A recent appellate case from Houston demonstrates that, in determining whether non-solicitation agreements are enforceable, Texas courts treat them as non-compete agreements.

In the case, an insurance broker was bound by an employment agreement that contained the following provision:

Accordingly, the Executive understands and agrees that for a period of two (2) years following the termination of his employment for any reason whatsoever, he will not, directly or indirectly, solicit, place, market, accept, aid, counsel or consult in the renewal, discontinuance or replacement of any insurance (including self-insurance) by, or handle self-insurance programs, insurance claims, risk management services or other insurance administrative or service functions for, any AJG or Corporation account for which he performed any of the foregoing functions during the two-year period immediately preceding such termination.

The broker left his employer and began working for a competitor. Shortly thereafter, the broker was sued by his former employer.

Obviously, the above provision is broader than a simple non-solicitation provision, because rather than prohibiting mere solicitation, it also prohibits the insurance broker from doing business with his former customers. Given how broad this provision is, the broker is deprived of one of the best arguments that defendants in non-solicitation cases usually have—i.e., “I didn’t solicit the customers—they contacted me!” This provision is so broad that it doesn’t matter who initiated the contact.

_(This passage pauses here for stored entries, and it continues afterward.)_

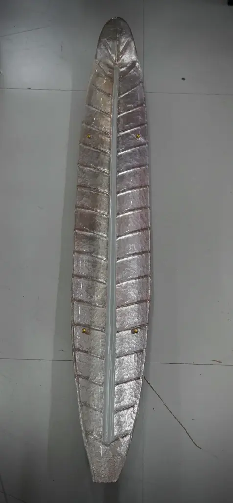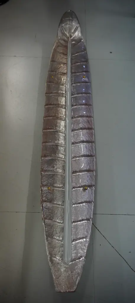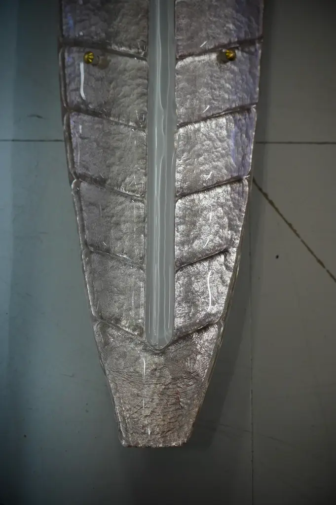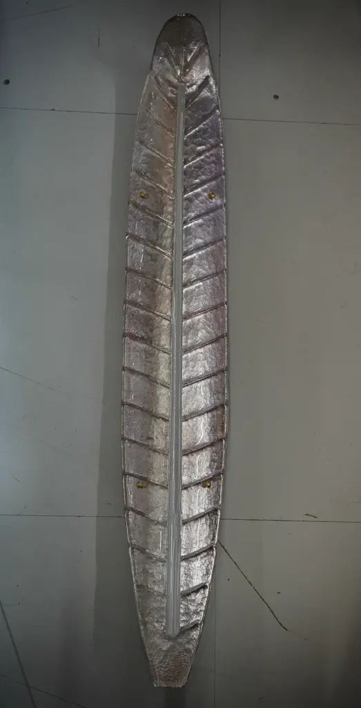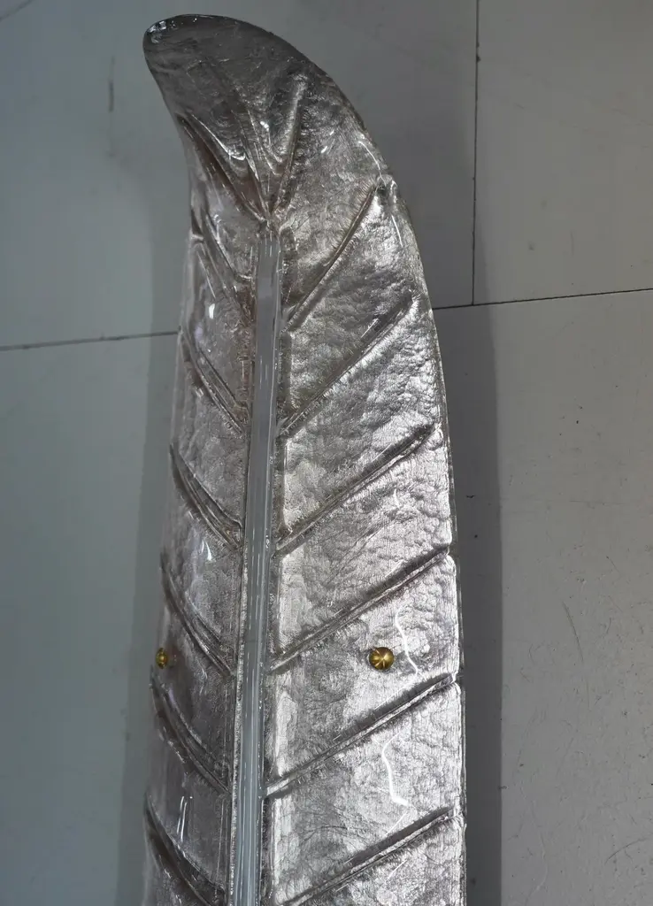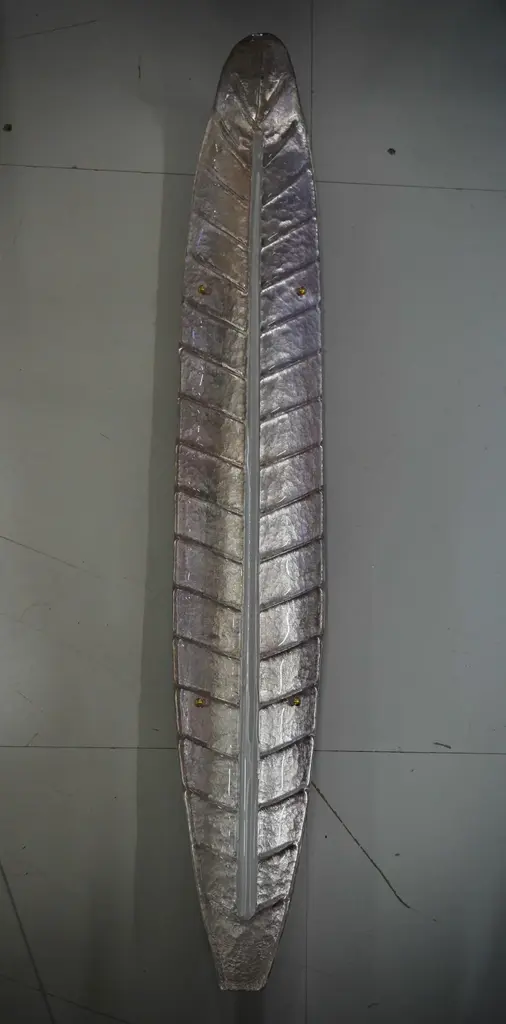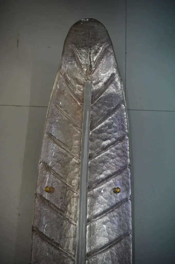 Beautiful design for this leaf-shaped applique, all pink with a vertical white rib. Refinement and class as in the Murano style, one-of-a-kind pieces that always remain precious. The wall light is made of a single piece of Murano glass, almost as if it were a "submerged" Murano. It has the shape of a very well sculpted leaf, with a light horizontal rib and a thicker vertical one, white in color. Its color is very intense and rich, due to the fact that it is colored with pink leaf on the back. Through four screws it is anchored to a white-colored metal structure which structure is then fixed to the wall. Very large and eye-catching, these wall lights will certainly make a good impression attached to any part of your home. European Plug (up to 250V).The wiring of this item may be original and might need replacement, if not specified otherwise.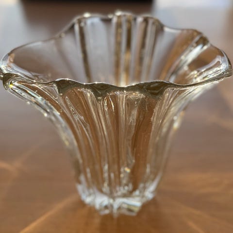 Stor glasvase, hvid m blå prikker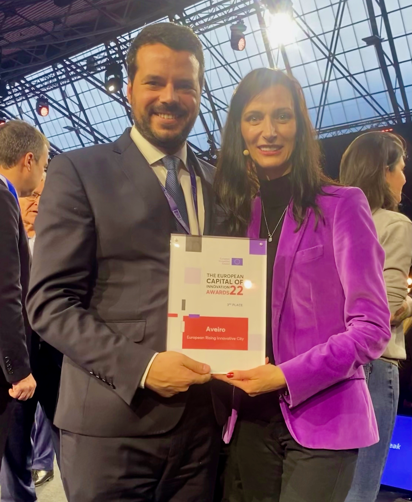 área de conteúdos (não partilhada)O Conselho Europeu da Inovação (CEI) premiou Aveiro com terceiro lugar como Cidade Europeia Inovadora em Ascensão. Este reconhecimento a Aveiro foi atribuído no âmbito dos European Capital of Innovation Awards, conhecidos como Capital Awards, que decorreu no âmbito da Cimeira do Conselho Europeu da Inovação 2022, nos dias 7 e 8 de dezembro, em Bruxelas e que contou com a presença do Vereador da Câmara Municipal de Aveiro (CMA), João Machado.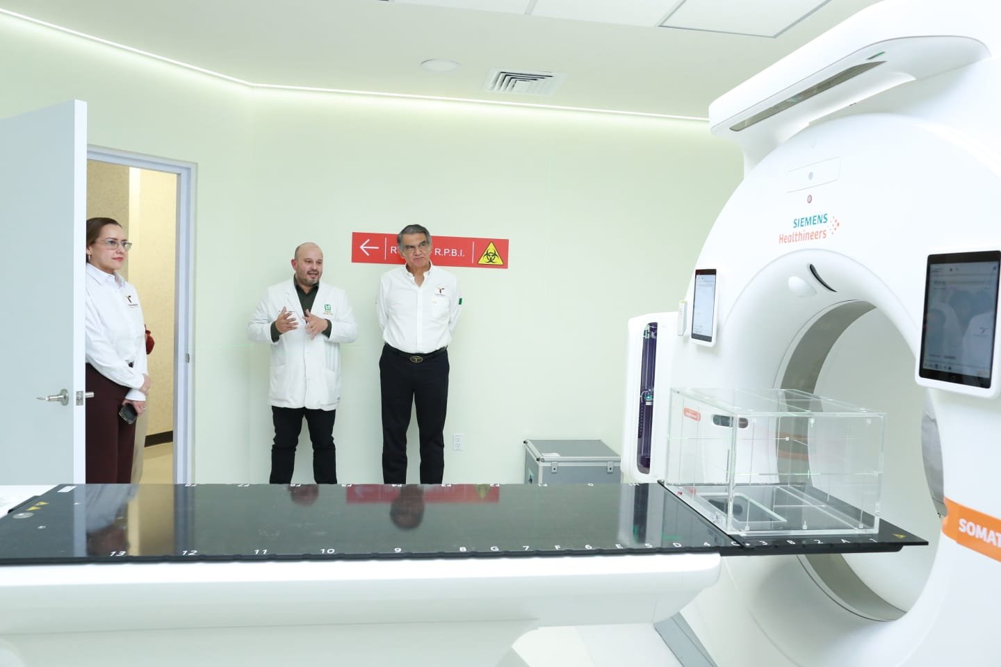 Ciudad Victoria, Tamaulipas.-El gobernador de Tamaulipas, Américo Villarreal Anaya, efectuó una visita de supervisión al Centro Oncológico de Tamaulipas en Ciudad Victoria, donde revisó los avances de la obra de remodelación y el equipamiento del área de radioterapia, que ya cuenta con el acelerador lineal. Acompañado de la secretaria de Salud, Adriana Marcela Hernández Campos, el mandatario arribó la tarde de este martes a este centro hospitalario, donde fue recibido por el director, Francisco Alberto Velasco Canseco. Durante su recorrido, saludó a pacientes y dialogó con el personal, para posteriormente supervisar el área donde se encuentra el acelerador lineal. El director del Centro Oncológico brindó una amplia explicación sobre las obras de remodelación y equipamiento, que a la fecha registran un avance del 85% y que una vez concluidas beneficiarán a un millón 624 mil habitantes sin seguridad social en Tamaulipas. La inversión en este acelerador lineal es de aproximadamente 135.13 millones de pesos, a lo que se suman 28 millones de pesos de inversión estatal para obra complementaria. De acuerdo con la información proporcionada al gobernador, se prevé que este moderno equipo, entre en operación a mediados del año, una vez que se cumplan los requisitos correspondientes y se cuente con la licencia de operación. Este es un equipo de alta tecnología para radioterapia, el cual es de mayor beneficio para las y los pacientes, al generar menos efectos secundarios y reducir los tiempos de tratamiento. De manera paralela, se realizan trabajos en la obra complementaria de esta área anexa a radioterapia, que incluyen la construcción de consultorios e instalaciones sanitarias.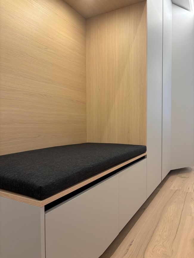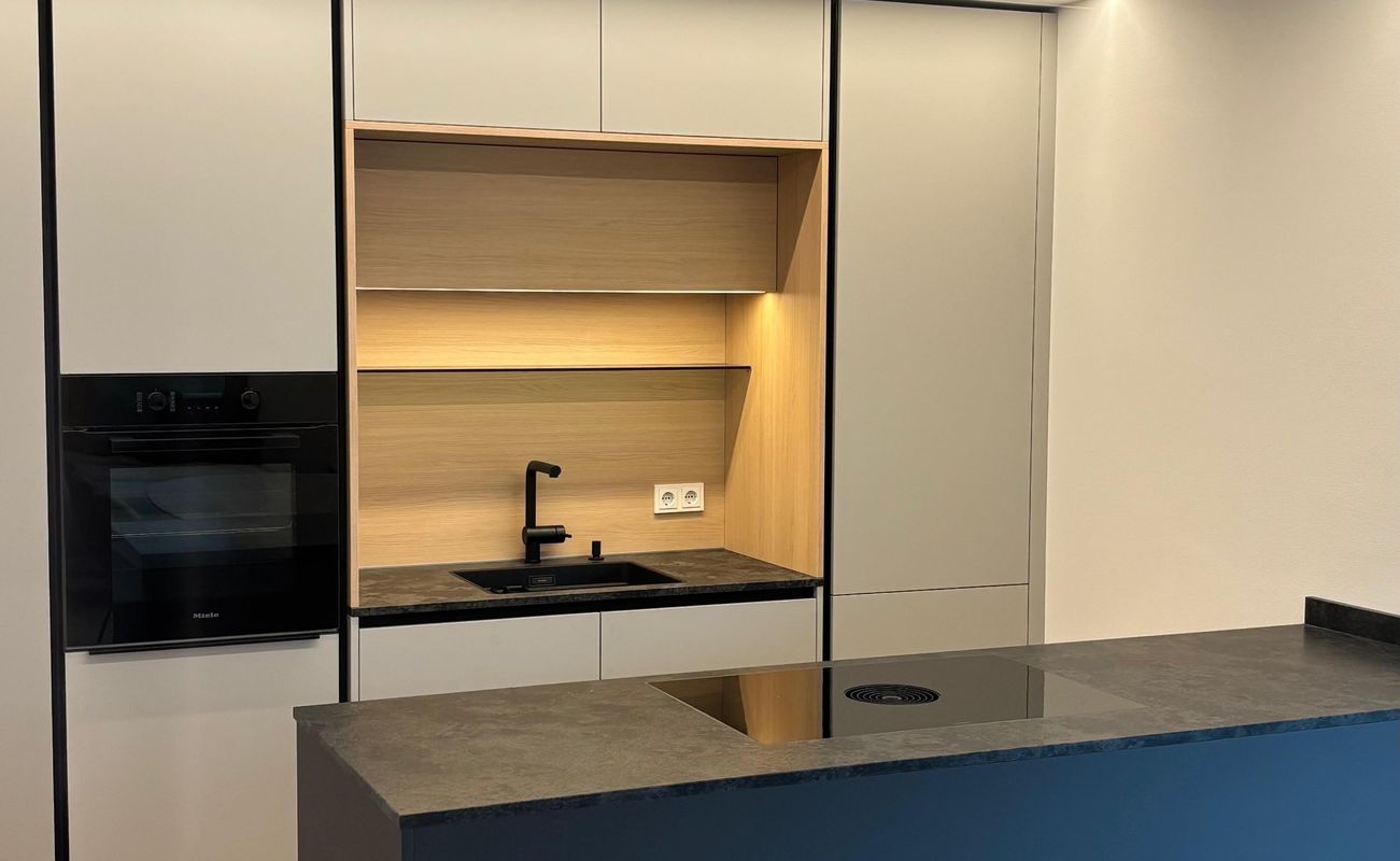 Die Küche überzeugt durch ihr elegantes Design, die schwarze Steinarbeitsplatte bildet einen eleganten Kontrast, während die Nischenrückwand in Holz dem Raum eine natürliche Note verleiht. Dezent, funktional und zeitlos.

The court in this case enforced the above provision against the former employee. In doing so, the court examined the provision just as it would examine a non-compete agreement. That is, the court held the non-solicitation provision to the same rigorous enforcement standards to which it would have held a non-compete agreement. The court required the non-solicitation provision to be “ancillary to an otherwise enforceable agreement.” In other posts, we will explain what that means. 

But the takeaway from this post is this: Non-solicitation provisions are essentially non-compete provisions. Unlike non-disclosure agreements, which are enforceable in most all circumstances because they simply keep employees from doing what they shouldn’t do anyway (i.e., they prohibit use and disclosure of the former employer’s trade secrets), non-solicitation provisions restrain competition. Because they do so, they must be put under the same microscope that is used to assess the enforceability of a non-compete agreement.